Your goal. Below this sentence is a listing; return exactly its lines from the one with "Bottled water |" to the one with "이재명 더불어민주당 대선", both kept, and nothing more.

Entries shown.
»»

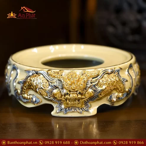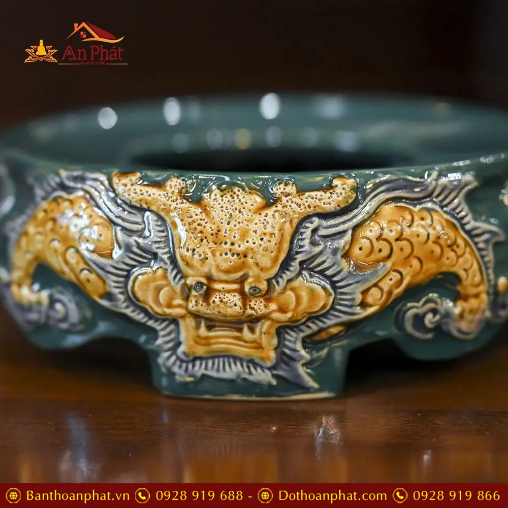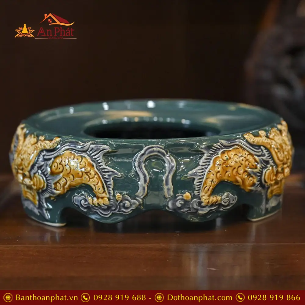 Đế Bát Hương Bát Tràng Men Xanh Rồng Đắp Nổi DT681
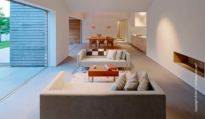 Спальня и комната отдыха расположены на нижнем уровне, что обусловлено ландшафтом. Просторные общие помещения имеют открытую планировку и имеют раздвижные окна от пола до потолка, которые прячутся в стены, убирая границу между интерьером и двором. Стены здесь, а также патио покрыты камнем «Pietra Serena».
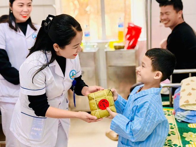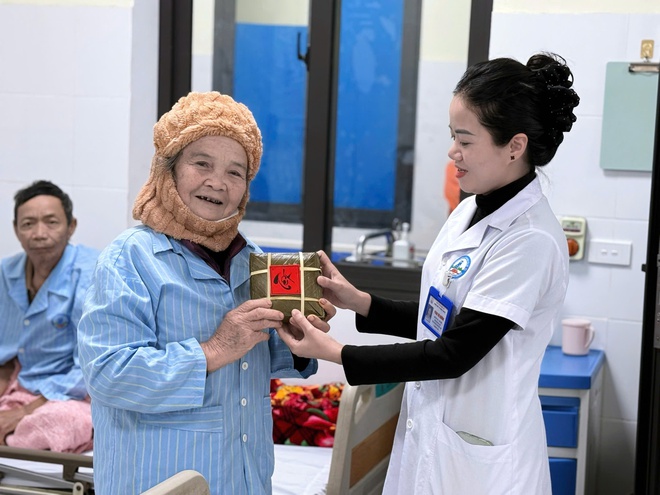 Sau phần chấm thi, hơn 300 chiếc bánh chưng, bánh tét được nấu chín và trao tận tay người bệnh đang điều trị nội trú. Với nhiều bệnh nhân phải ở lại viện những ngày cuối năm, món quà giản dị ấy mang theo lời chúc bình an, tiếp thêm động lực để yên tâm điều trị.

««
»»

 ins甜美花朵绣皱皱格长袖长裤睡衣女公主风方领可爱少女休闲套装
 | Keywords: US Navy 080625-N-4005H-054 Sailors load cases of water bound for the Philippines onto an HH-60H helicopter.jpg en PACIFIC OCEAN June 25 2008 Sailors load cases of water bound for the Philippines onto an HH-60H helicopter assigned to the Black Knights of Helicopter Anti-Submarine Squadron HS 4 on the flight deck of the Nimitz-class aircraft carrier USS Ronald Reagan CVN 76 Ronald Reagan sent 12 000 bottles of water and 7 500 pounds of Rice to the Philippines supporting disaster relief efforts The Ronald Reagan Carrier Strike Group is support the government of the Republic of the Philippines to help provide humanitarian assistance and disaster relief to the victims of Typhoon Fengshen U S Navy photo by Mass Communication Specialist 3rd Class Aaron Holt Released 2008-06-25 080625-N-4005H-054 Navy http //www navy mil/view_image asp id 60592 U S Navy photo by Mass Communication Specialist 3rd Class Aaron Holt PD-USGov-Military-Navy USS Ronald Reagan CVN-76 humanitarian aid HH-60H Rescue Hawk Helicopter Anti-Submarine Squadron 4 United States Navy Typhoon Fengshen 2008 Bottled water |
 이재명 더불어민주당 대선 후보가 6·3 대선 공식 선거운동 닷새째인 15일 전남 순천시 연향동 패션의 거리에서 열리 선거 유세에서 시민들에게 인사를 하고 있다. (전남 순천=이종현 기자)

««

Task answer.
 | Keywords: US Navy 080625-N-4005H-054 Sailors load cases of water bound for the Philippines onto an HH-60H helicopter.jpg en PACIFIC OCEAN June 25 2008 Sailors load cases of water bound for the Philippines onto an HH-60H helicopter assigned to the Black Knights of Helicopter Anti-Submarine Squadron HS 4 on the flight deck of the Nimitz-class aircraft carrier USS Ronald Reagan CVN 76 Ronald Reagan sent 12 000 bottles of water and 7 500 pounds of Rice to the Philippines supporting disaster relief efforts The Ronald Reagan Carrier Strike Group is support the government of the Republic of the Philippines to help provide humanitarian assistance and disaster relief to the victims of Typhoon Fengshen U S Navy photo by Mass Communication Specialist 3rd Class Aaron Holt Released 2008-06-25 080625-N-4005H-054 Navy http //www navy mil/view_image asp id 60592 U S Navy photo by Mass Communication Specialist 3rd Class Aaron Holt PD-USGov-Military-Navy USS Ronald Reagan CVN-76 humanitarian aid HH-60H Rescue Hawk Helicopter Anti-Submarine Squadron 4 United States Navy Typhoon Fengshen 2008 Bottled water |
 이재명 더불어민주당 대선 후보가 6·3 대선 공식 선거운동 닷새째인 15일 전남 순천시 연향동 패션의 거리에서 열리 선거 유세에서 시민들에게 인사를 하고 있다. (전남 순천=이종현 기자)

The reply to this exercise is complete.